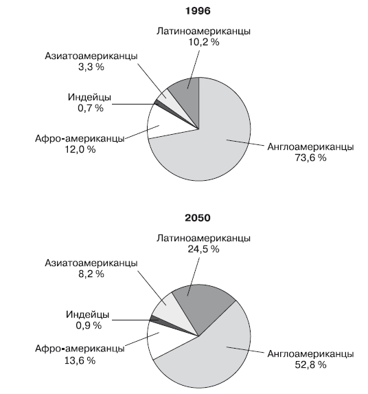 В последнее время численность легко идентифицируемых этнических групп – в первую очередь латиноамериканцев, афро-американцев, азиатоамериканцев и индейцев – в целом росла в пять раз быстрее, чем основного населения. Бюро переписи США предсказало, что к 2010 г. латиноамериканцы и афро-американцы будут составлять по 13% населения США, что в сумме составит 26%, в то время как англоамериканцев будет всего 58%. Выходцы из Азии и индейцы удержат имеющуюся долю численности. По прогнозам Бюро переписи, еще большие перемены произойдут к 2050 г. – в частности, латиноамериканцы составят почти четверть населения Соединенных Штатов (рис. 11.1).
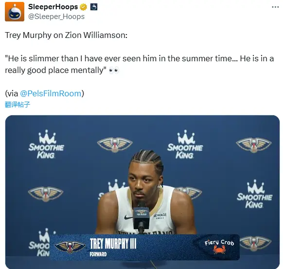 谈到队友锡安的体型,特雷-墨菲说道:他比我以往夏天见过的任何时候都要瘦,他的精神状态也非常好。
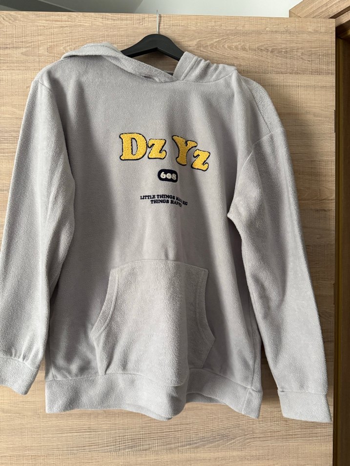 Gri renkte, uzun kollu, kapüşonlu ve bol kesim kadın sweatshirtü. "Dz Yz" baskılı ve ön cepli, yumuşak ve sıcak kumaştan üretilmiştir. ✨

=======

Assignment ::
Repeat the material line for line. Pictures stay out of the copy.

Task output ::
 В последнее время численность легко идентифицируемых этнических групп – в первую очередь латиноамериканцев, афро-американцев, азиатоамериканцев и индейцев – в целом росла в пять раз быстрее, чем основного населения. Бюро переписи США предсказало, что к 2010 г. латиноамериканцы и афро-американцы будут составлять по 13% населения США, что в сумме составит 26%, в то время как англоамериканцев будет всего 58%. Выходцы из Азии и индейцы удержат имеющуюся долю численности. По прогнозам Бюро переписи, еще большие перемены произойдут к 2050 г. – в частности, латиноамериканцы составят почти четверть населения Соединенных Штатов (рис. 11.1).
 谈到队友锡安的体型,特雷-墨菲说道:他比我以往夏天见过的任何时候都要瘦,他的精神状态也非常好。
 Gri renkte, uzun kollu, kapüşonlu ve bol kesim kadın sweatshirtü. "Dz Yz" baskılı ve ön cepli, yumuşak ve sıcak kumaştan üretilmiştir. ✨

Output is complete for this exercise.